The common pigment spots are freckles, coffee spots, age spots, chloasma, zygomatic brown-green nevus, and nevus of Ota. The manifestations and causes of each type of stain are different.
Freckles: It is a hereditary skin disease, but it does not appear at birth. It usually occurs when children are 5 to 6 years old.
It increases gradually with age, and is most common on the nose and cheeks. It is heaviest in late adolescence and gradually decreases after middle age. There are more women than men. It has a significant relationship with sun exposure. In summer, the number of freckles is large and obvious, which is dark brown; in winter, it is the opposite.
Coffee spots: As the name suggests, spots are like a milk coffee color mixed with coffee and milk, with different sizes, round, oval or irregular in shape, with clear boundaries, smooth surface, no higher than the leather surface, and uniform pigment.
This is also a hereditary skin disease, mostly unrelated to sun exposure. It can appear at birth or after birth. It can occur anywhere on the body and will not go away. Cafeteria plaques can be a marker of multisystem disease, such as multiple neurofibromas.
Age spots: mostly occur in the elderly, but also in young people, usually occur in the 30 to 40 years old or later, also known as seborrheic keratosis, no self-healing tendency.
It can occur on the head, neck, and various parts of the body. The early lesions are small, flat, well-defined patches with smooth or slightly papilloma-like surfaces, light brown or dark brown. Later, the damage gradually increased, and the surface was obviously papilloma-like, and a thick layer of greasy scab could be formed. Senile plaques can be stimulated to cause inflammation and irregular proliferation of epithelial tissue.
Chloasma: Chinese medicine called liver spots. It is generally considered to be related to endocrine disorders, pregnancy, oral contraceptives, cosmetics, ultraviolet rays, etc., and is more common in women.

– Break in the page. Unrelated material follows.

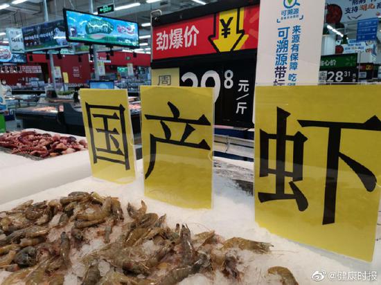 在沃尔玛超市(北京建国路店),在售国产虾的商品导购牌上明确表明“可溯源,安全放心食用”的字。据海鲜区工作人员介绍,近期虾的销量并没有受到疫情太大影响,如有顾客担心虾的食用安全,他们也会去耐心解释。

Chloasma is distributed symmetrically on the face, mainly on the cheeks, cheeks, nose and forehead, and sometimes in the shape of butterfly wings. According to the depth of pigmentation, it is divided into 3 types: epidermal, dermal, and mixed. The epidermal type is light brown in natural light, the dermal type is blue-gray, and the mixed type is dark brown.
Brown-cyan moles on the cheekbones: Most of them are on the cheekbones, and a few can also be found on the eyelids, nose, forehead and cheeks. Most of them are symmetrically distributed black-gray speckled pigmentation, flat on the skin surface. It belongs to dermal melanocytosis. It is more common in women and can occur in children to the elderly, and some patients have a family history.
Mole of Ota: also known as oculodermal melanocytosis, it is more common in women, and the cause of the disease is unknown. It is generally believed that there is little family history. Sun exposure, fatigue, bad mood, menstruation, and pregnancy can be aggravated.
More than 50% of cases of nevus of Ota have obvious facial skin pigment changes at birth. The distribution of age of onset shows two peaks in infancy and adolescence, and occasionally occurs late or during pregnancy.
For pigmentation, an effective solution is laser treatment. The principle of laser treatment of pigmented diseases is selective photothermal action. Specific laser parameters, such as different wavelengths, pulse widths, and energies, are used to treat specific targets or chromophores, melanin or hemoglobin.